Work request
Could you write out, exactly as they stand, only the lines in the listing below from the line with "店家後方設了一整面的花草牆面" to the line with "это я уж в Карпатах, иду", both ends included, without the pictures?

-- Opening Marker --

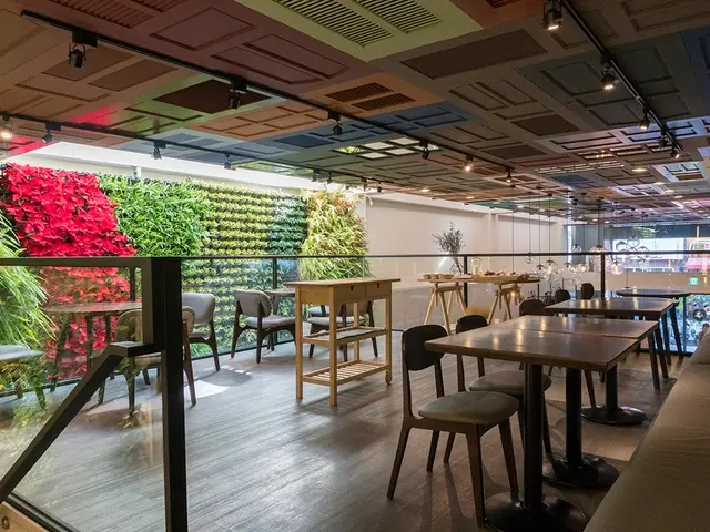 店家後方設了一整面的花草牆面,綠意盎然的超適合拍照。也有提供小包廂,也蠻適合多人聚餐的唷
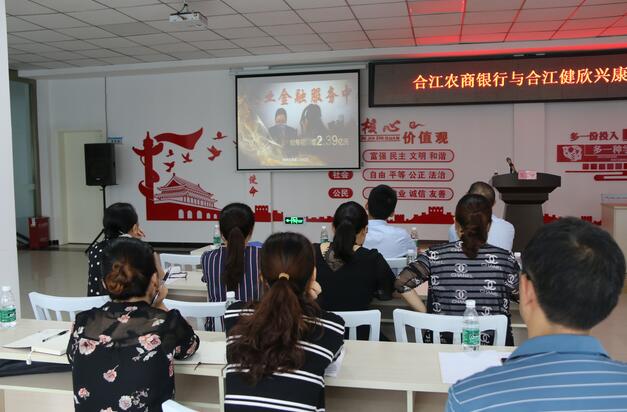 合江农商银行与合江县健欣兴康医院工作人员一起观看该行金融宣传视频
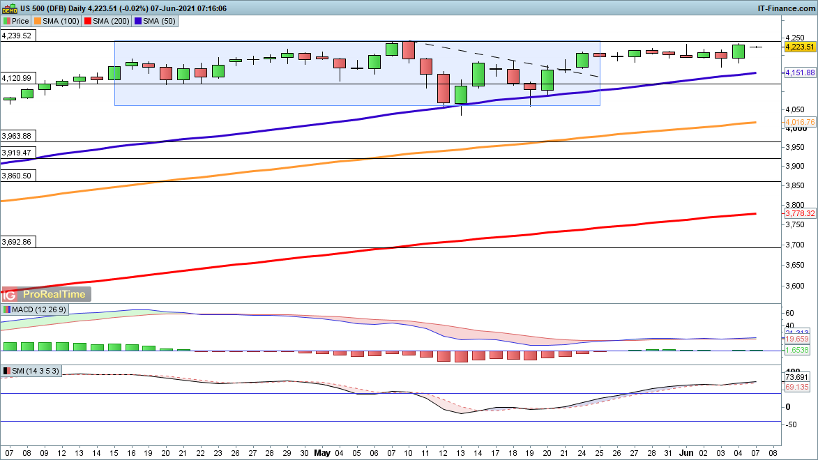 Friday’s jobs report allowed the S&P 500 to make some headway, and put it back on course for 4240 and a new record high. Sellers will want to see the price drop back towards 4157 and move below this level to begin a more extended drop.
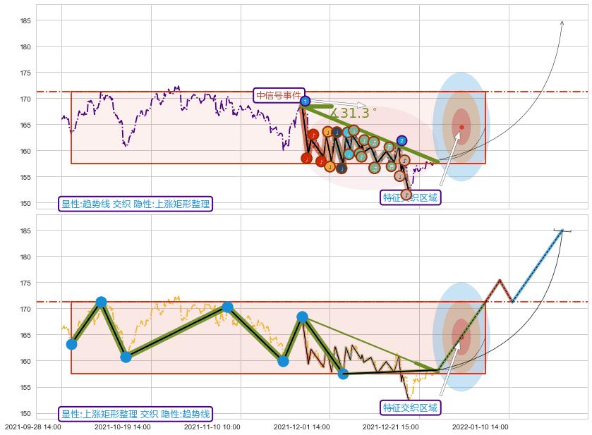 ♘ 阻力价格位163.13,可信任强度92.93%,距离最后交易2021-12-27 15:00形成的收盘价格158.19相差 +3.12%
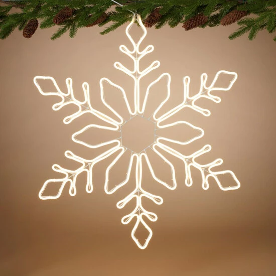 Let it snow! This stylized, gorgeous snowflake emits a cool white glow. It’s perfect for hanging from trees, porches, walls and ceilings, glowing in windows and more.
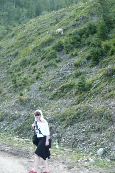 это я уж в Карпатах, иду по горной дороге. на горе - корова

-- Closing Marker --
-- Opening Marker --

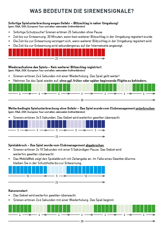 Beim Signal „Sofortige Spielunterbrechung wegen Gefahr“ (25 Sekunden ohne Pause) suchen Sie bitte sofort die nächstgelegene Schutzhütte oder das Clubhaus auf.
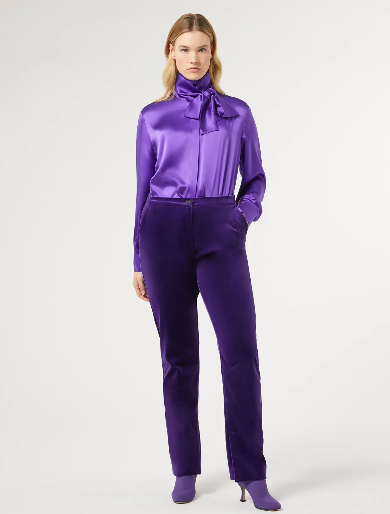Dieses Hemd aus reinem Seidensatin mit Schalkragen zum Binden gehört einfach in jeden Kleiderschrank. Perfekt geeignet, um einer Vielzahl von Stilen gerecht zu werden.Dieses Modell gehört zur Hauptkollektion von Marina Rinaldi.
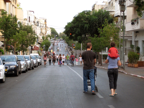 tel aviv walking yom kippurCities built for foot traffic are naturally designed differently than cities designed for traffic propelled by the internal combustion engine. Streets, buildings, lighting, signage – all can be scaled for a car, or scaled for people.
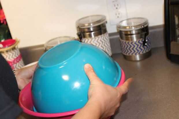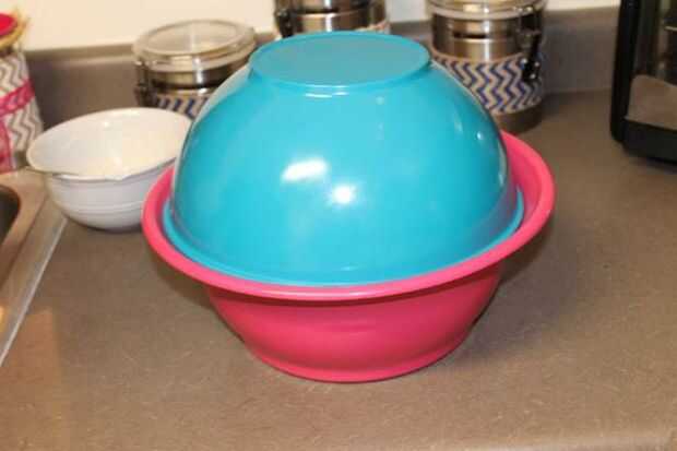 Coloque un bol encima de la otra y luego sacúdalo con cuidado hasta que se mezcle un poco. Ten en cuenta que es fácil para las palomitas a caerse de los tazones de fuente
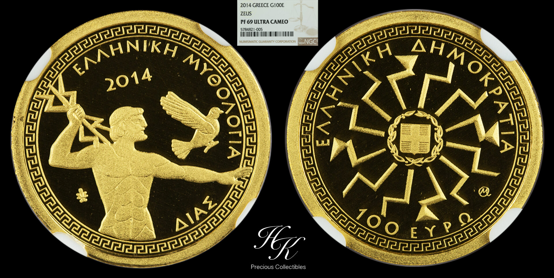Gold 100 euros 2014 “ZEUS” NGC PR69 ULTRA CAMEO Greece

-- Closing Marker --

Solved problem
 店家後方設了一整面的花草牆面,綠意盎然的超適合拍照。也有提供小包廂,也蠻適合多人聚餐的唷
 合江农商银行与合江县健欣兴康医院工作人员一起观看该行金融宣传视频
 Friday’s jobs report allowed the S&P 500 to make some headway, and put it back on course for 4240 and a new record high. Sellers will want to see the price drop back towards 4157 and move below this level to begin a more extended drop.
 ♘ 阻力价格位163.13,可信任强度92.93%,距离最后交易2021-12-27 15:00形成的收盘价格158.19相差 +3.12%
 Let it snow! This stylized, gorgeous snowflake emits a cool white glow. It’s perfect for hanging from trees, porches, walls and ceilings, glowing in windows and more.
 это я уж в Карпатах, иду по горной дороге. на горе - корова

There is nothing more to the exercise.